Entertainment Weekly considered Matriarch of the Blues reflected James' desire to reclaim her title of the "mother of the blues" following earlier attempts at country music and jazz and pop standards. Rolling Stone grouped Matriarch in a "trifecta" with James' previous two studio albums, Life, Love & the Blues (1998) and Heart of a Woman (1999). Prior to the album's release, James performed at the eighteenth annual San Francisco Jazz Festival at the Masonic Auditorium.

Matriarch is composed of rock, soul and blues standards between five and seven minutes in length. People magazine contributors described James' vocals as "deeply funky". Mike Finnigan performed the Hammond B3 organ, Leo Nocentelli featured on guitar, and Jimmy Zavala contributed performances on multiple instruments. James' two sons — Donto and Sametto — produced and engineered, and played drums and bass, respectively.
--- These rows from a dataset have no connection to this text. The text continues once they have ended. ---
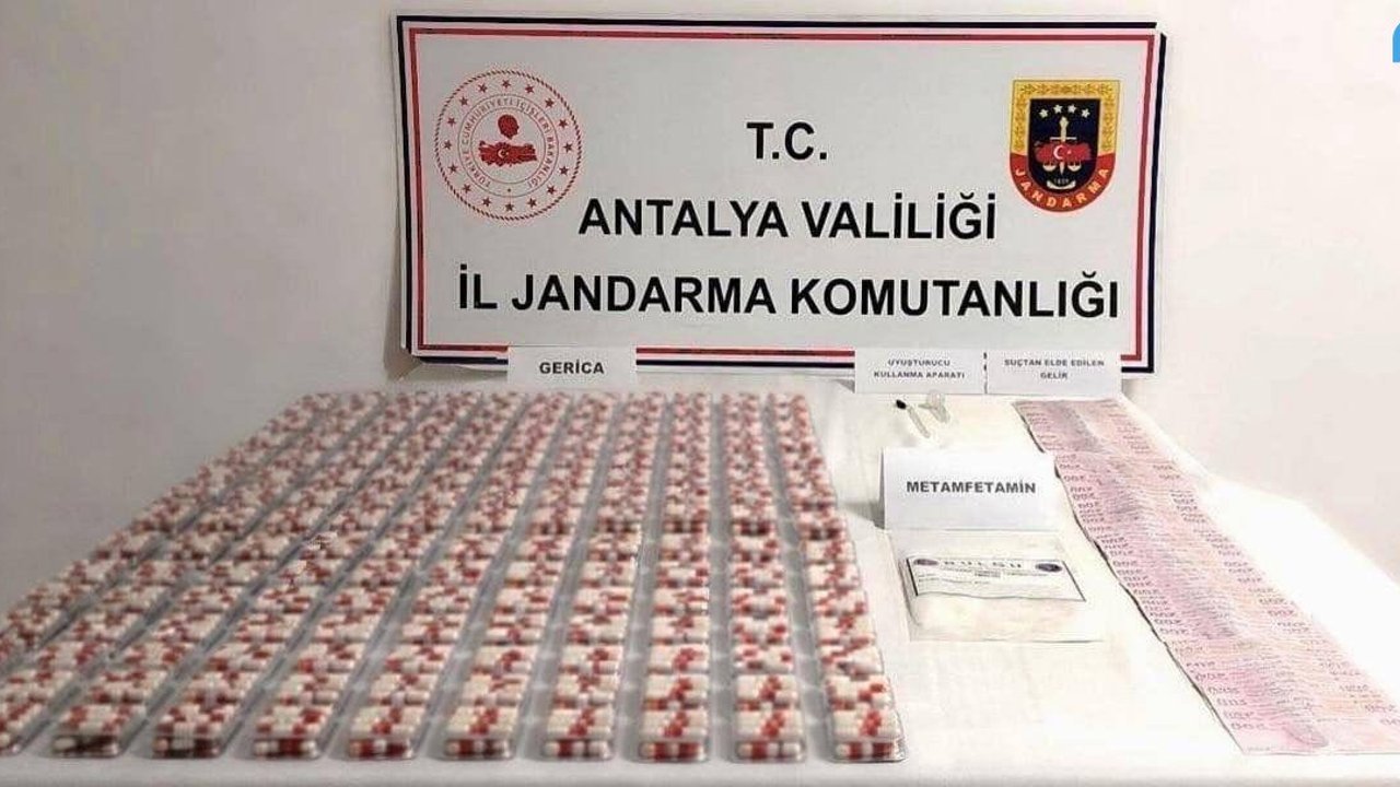 Antalya İl Jandarma Komutanlığı ekipleri, Antalya Cumhuriyet Başsavcılığı koordinesinde uyuşturucuyla mücadele kapsamında çalışma başlattı. Çalışmalar kapsamında şüpheli bir araç durdurularak arama yapıldı. Araçta yapılan aramada 1.770 adet sentetik hap, 5 gram metamfetamin ile suçtan elde edildiği değerlendirilen 11 bin 750 TL ele geçirildi.
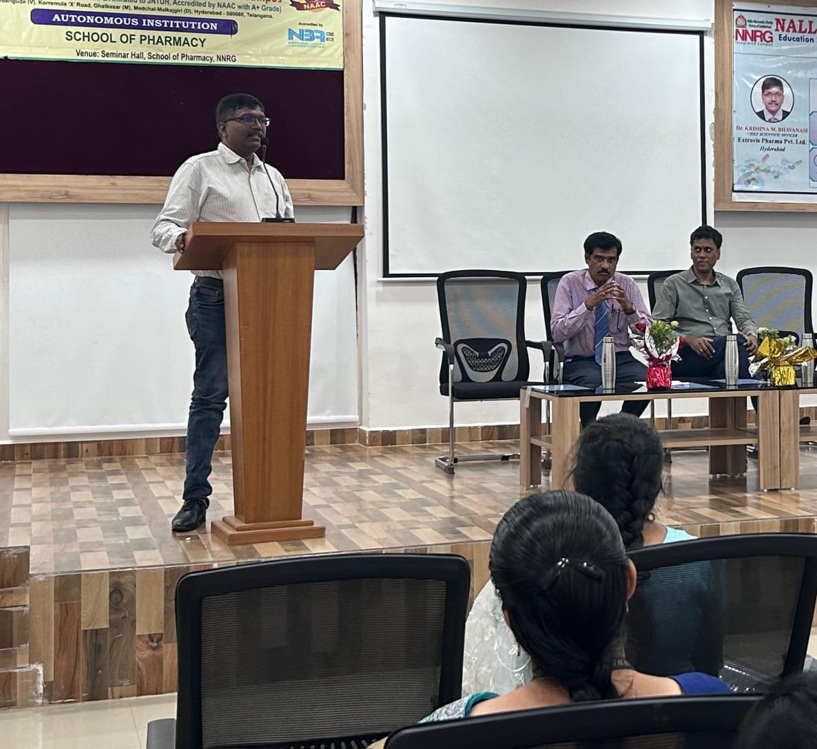 6 | 25.09.2024 | Dr Krishna Murthy Bavasani,Dr Pavan Kumar, Mr. P. Ashwajith | World Pharmacist Day celebration | CEO at Extrovis, Hyderabad and Vice President at Dr Reddy's Laboratories, Hyderabad,NNRG alumnus Pharmacist | ![]() |
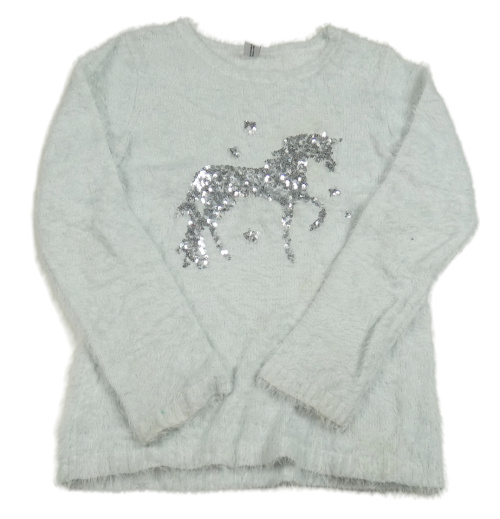 Svetlomodrý chlpatý sveter s jednorožcem z flitrů Yigga
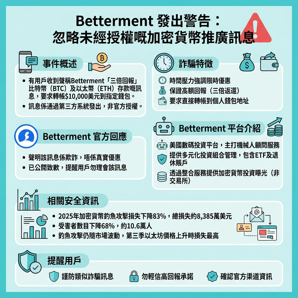 今次Betterment未經授權訊息事件,再次凸顯加密貨幣領域的詐騙風險與資訊安全挑戰。即使是知名的數碼投資平台,也可能因第三方系統漏洞而成為詐騙訊息的「代言人」,提醒用戶在接收任何涉及資金轉帳的訊息時,必須保持高度警覺,切勿被高回報承諾所迷惑。
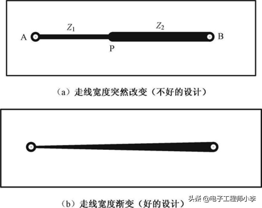 在进行射频PCB的设计时,不仅对走线的拐角要求是重要的,对整条走线的平滑要求也是很重要的。如图12-62(a)所示,走线从A到B的宽度有一个突然的改变(P点)。微带线的特征阻抗主要取决于它的宽度。P点的特征阻抗会从Z 1 跳变到Z 2 。因此,该走线实际上成为一个阻抗变换器。这个阻抗额外跃变,对电路性能来说可能导致灾难性的后果:RF功率可能在P点来回反射。另外,在P点,RF信号也会辐射出去,因此要求走线宽度渐渐改变,如图12-62(b)所示,即要求走线的阻抗的变化是平缓的,以使在这条走线上附加的反射和辐射减小。
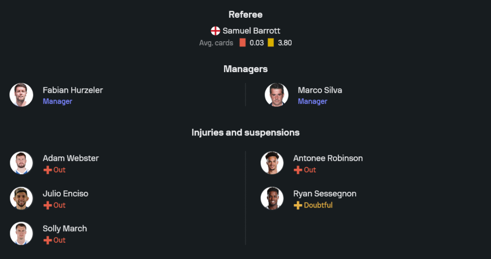 ฝั่งทีมเยือนของกุนซือ มาร์โก้ ซิลวา มีปัญหาน้อยกว่า ขาดเพียง แอนโทนี่ โรบินสัน แบ็กซ้ายตัวเก่งที่ยังเจ็บยาว ส่วนรายอื่นพร้อมลุยเต็มสูบ แผน 4-2-3-1 ถูกจัดทัพลงมาเช่นกัน นำโดย ราอูล ฆิเมเนซ ยืนหอกเดี่ยว และมี แฮร์รี่ วิลสัน, เอมิล สมิธ โรว์ และ อเล็กซ์ อิโวบี้ สนับสนุนอยู่ด้านหลัง โดยมีคู่กลางอย่าง ซานเดอร์ เบอร์เก้ และ ซาซ่า ลูคิช คอยคุมเกม ขณะที่แนวรับยังแข็งแกร่งด้วยคู่เซ็นเตอร์ โยอาคิม แอนเดอร์เซ่น และ แคลวิน บาสซี่ย์
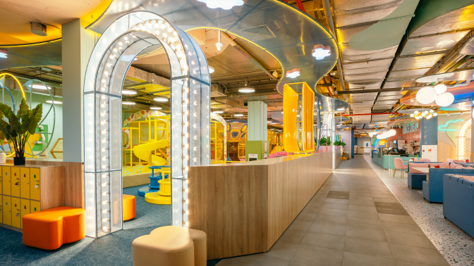 Теперь, пока мама и папа гуляют по супермаркету или смотрят кино в кинотеатре, ребенок может весело провести время на игровой площадке.
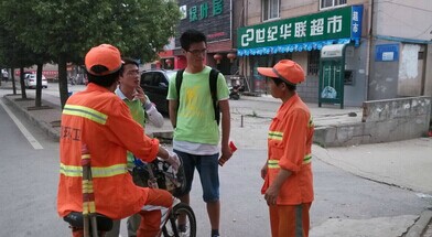 图片二:团队成员向环卫工人问卷调查
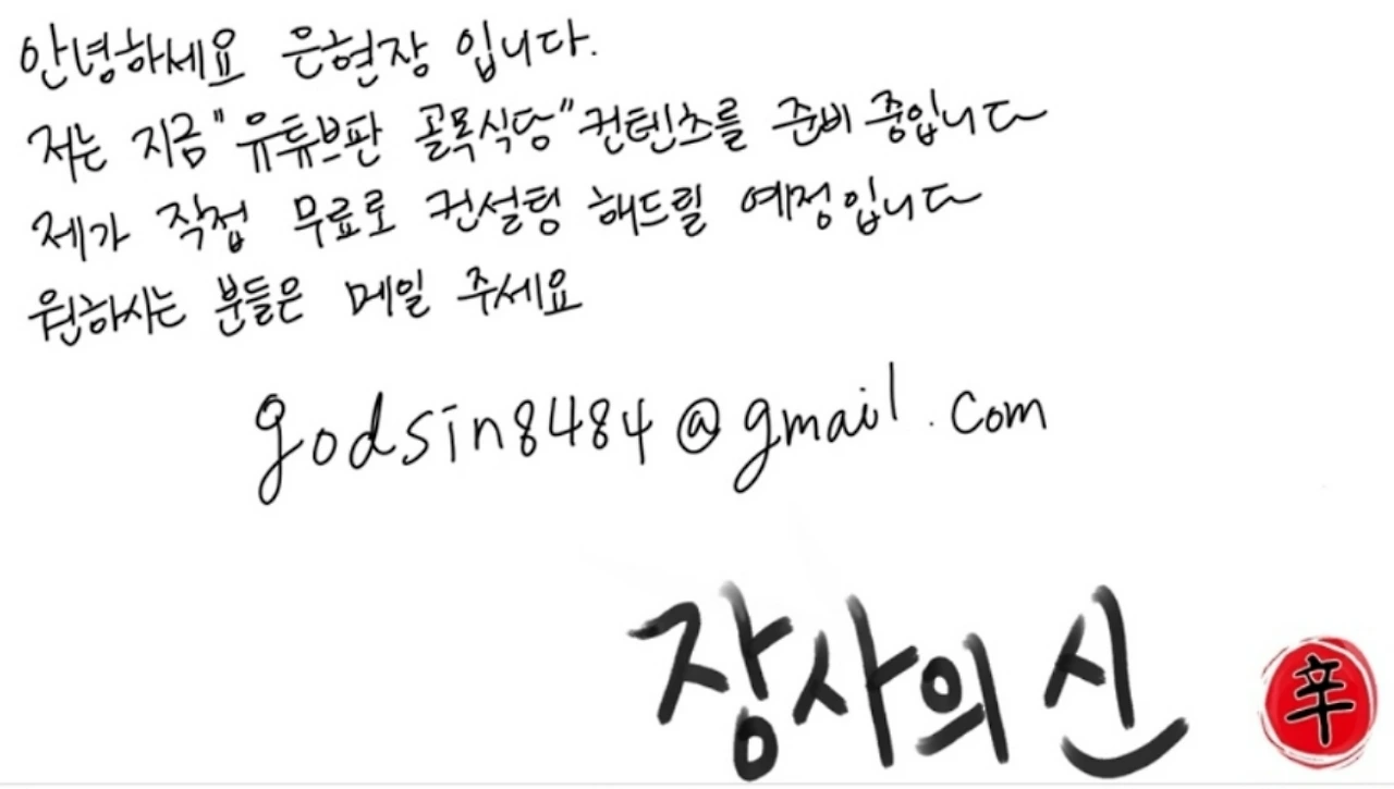 유튜브 채널 이름도 기존에 있는 [장사의 신]을 베껴왔다.
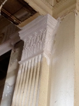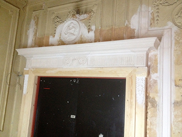 Left: shows the before and after cleaning. Taking the only decent pilaster cap off and taking off all the years of paint. Repairing where required, moulding, making, and supplying and fixing of six caps making good ready for decoration. |
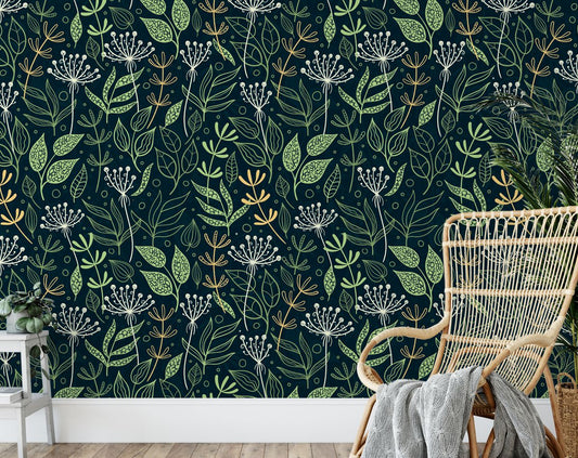 Hand Drawn Wild Flowers Botanical Wallpaper Wall Design
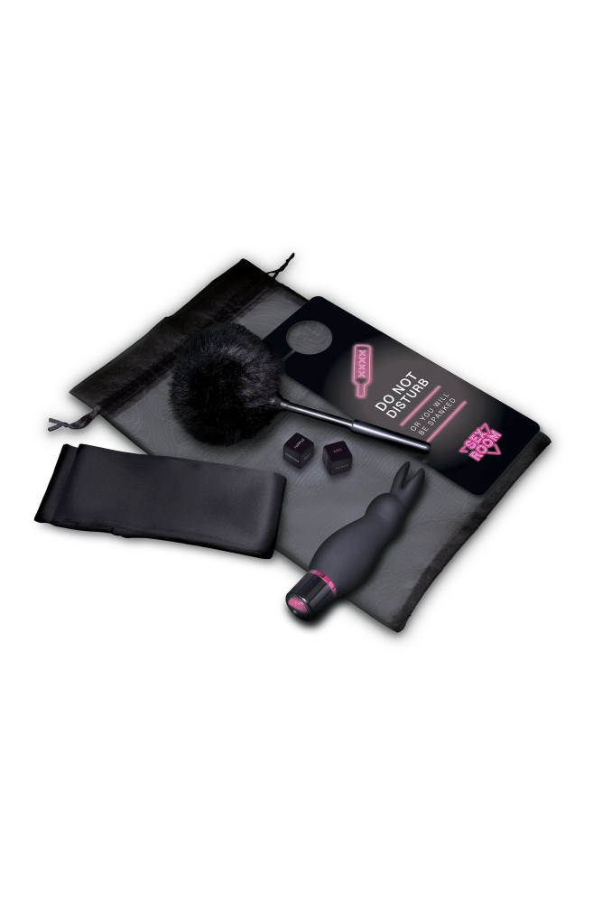 Thi Sex Room Raunchy - ідеальний набір, який перетворить будь-який простір на ігрову кімнату для непослуху. У цей набір входить пара еротичних гральних кубиків, тиклер з пір'я та атласна пов'язка на очі для вивчення сенсорної гри, а також потужна віброкуля.
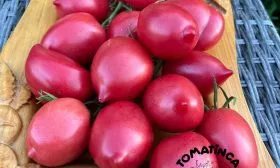 Именно плоды – визитная карточка этого сорта. Их форма соответствует заявленной сердцевидной, часто с хорошо выраженным острым «носиком» у вершины, что придает томатам особенно нарядный вид. В стадии полной, биологической зрелости кожица и мякоть приобретают равномерный, насыщенный розово-малиновый оттенок без зеленого пятна у плодоножки.
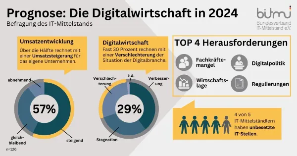 Die Jahresprognose des Bundesverband IT-Mittelstand e.V. (BITMi) zeigt: Der Großteil der mittelständischen IT-Wirtschaft hat weiterhin einen positiven Ausblick auf das neue Jahr für das eigene Unternehmen, erwartet aber eine Stagnation oder Verschlechterung der Situation der deutschen Digitalbranche insgesamt. So rechnen über die Hälfte (57 Prozent) der dafür befragten IT-Mittelständler mit einer Umsatzsteigerung. Ein Drittel erwartet einen gleichbleibenden Umsatz im kommenden Jahr. Gleichzeitig gehen fast 30 Prozent von einer Verschlechterung und nur 40 Prozent von einer Verbesserung der Situation der deutschen IT-Branche aus. Ein Grund für diesen gegenüber dem Vorjahr kritischeren Ausblick ist die weiterhin schwierige Wirtschaftslage, aber auch die geringe Priorität, die die Digitalisierung derzeit in der Politik erfährt. Beides sehen etwas über die Hälfte (56 Prozent) als größte Herausforderungen für die Digitalwirtschaft. Eine weitere Herausforderung für fast ein Viertel der Befragten sind gesetzliche Regulierungen, die Pflichten und Kosten auferlegen, die besonders für kleine und mittlere Unternehmen (KMU) eine große Last darstellen.
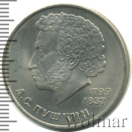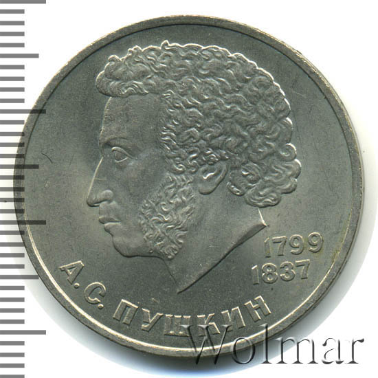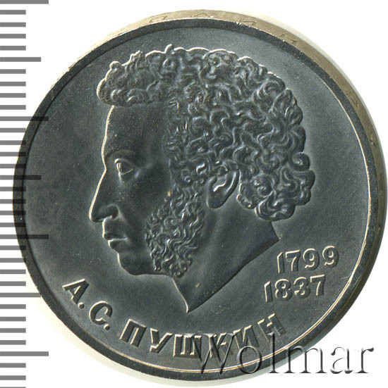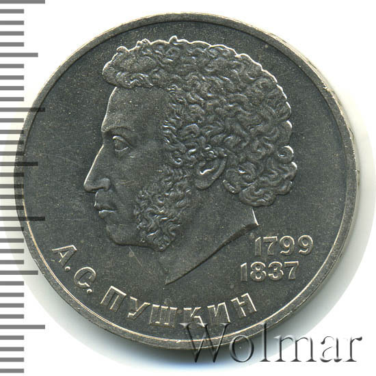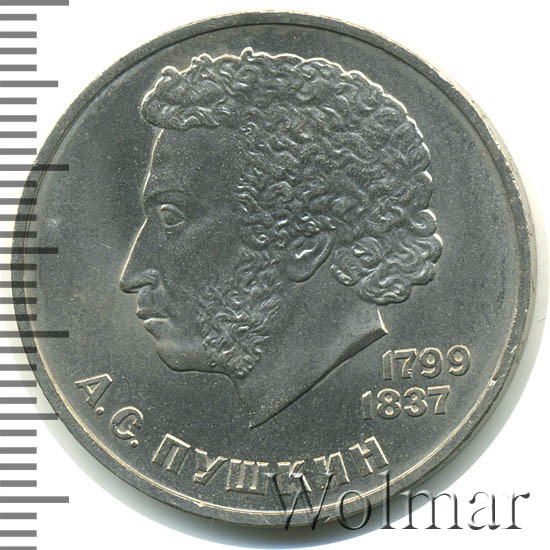 Государственным Банком СССР, в одна тысяча восемьдесят четвёртом году, был продолжен выпуск серии юбилейных и памятных монет, посвященных видным деятелям науки и искусства, живших в нашей стране. Юбилейный рубль с изображением на лицевой стороне монеты профиля Пушкина, был отчеканен на ЛМД в связи со ста восьмидесяти пятилетием со дня рождения этого великого поэта. Александр Сергеевич родился шестого июня (по новому стилю) 1799 года, в семье потомка старинного боярского рода. Его поэма « Руслан и Людмила» знаменовала начало перелома в русской поэзии. Данные о тираже и технические характеристики монеты, на странице ниже. Цена зависит от коллекционного состояния конкретного экземпляра. На монетном дворе, также были отчеканены, небольшим тиражом, 1 рубль Пушкин "стародел" , по улучшенной технологии Пруф. Цена, на "староделы" в восемь раз выше цены на этот рубль обычной чеканки. Если в Вашей коллекции юбилейных монет Советского Союза, эта монета ненадлежащего качества, посмотрите страницу ниже, где даны результаты последних проходов по которым Вы можете узнать актуальную стоимость одного рубля (Пушкин) 1984 года выпуска.

The album begins with the sound of a motorcycle engine. Bob Dylan's "Gotta Serve Somebody" is delivered, according to Parke Puterbaugh of Rolling Stone, with "the air of Old Testament-style authority it demands". James does not modify the lyrics, singing "You can call me Bobby, you can call me Zimmy". "Don't Let My Baby Ride", originally by Deadric Malone and O. V. Wright, adds a bit of sensuality to the album with the line: "If his jeans are too tight... you might see what you like". Other covers include Al Green's "Rhymes", "Try a Little Tenderness" (Jimmy Campbell and Reg Connelly, Harry M. Woods), and Otis Redding's "Hawg for Ya". The tempo of The Rolling Stones' "Miss You" is slowed down to a "sensual simmer". James modified the gender mentioned in the lyrics, singing "Puerto Rican boys just dying to meet you". Following "Hawg" are Malone's "You're Gonna Make Me Cry", which features vocals by Finnigan, Sandy Jones' "Walking the Back Streets", and Benny Latimore's "Let's Straighten It Out". Closing the album are John Fogerty's "Born on the Bayou", "Come Back Baby" (Ray Charles, Lightnin' Hopkins), and Jerry Leiber and Mike Stoller's "Hound Dog".

==Reception==

Matriarch of the Blues received mixed critical reception. AllMusic's Matthew Robinson wrote that James "coast[ed]" through the album and the backing band lacked "youthful vitality". Robinson thought the album's opening track "Gotta Serve Somebody" came across more as a "sleepy suggestion". However, he felt the "draggier pace and intermittent woofs" in "Miss You" added sex appeal and complimented the "funkification" of "Born on the Bayou" and "Hound Dog". Associated Press contributor Gene Bright wrote a positive review of the album but was disappointed with James' cover of "Miss You", writing "the song just can't be slowed and manipulated with any success". People magazine contributors felt that the motorcycle sound in the introduction was unnecessary and considered the album to be more "full-throated gospel-rock" than blues. However, they wrote that James sounded "as sexy and full of sass as she did nearly half a century ago". With James' sons contributing to the album, Bill Milkowski of JazzTimes called the album a "real family affair" and "worthy follow-up" to Heart of a Woman. In his review for Out, Barry Walters complimented Donto and Sametto's rhythm performances. Walters noted that James lacked all of the vocal notes available to her in the 1960s but wrote that her "interpretive abilities are sharper than ever".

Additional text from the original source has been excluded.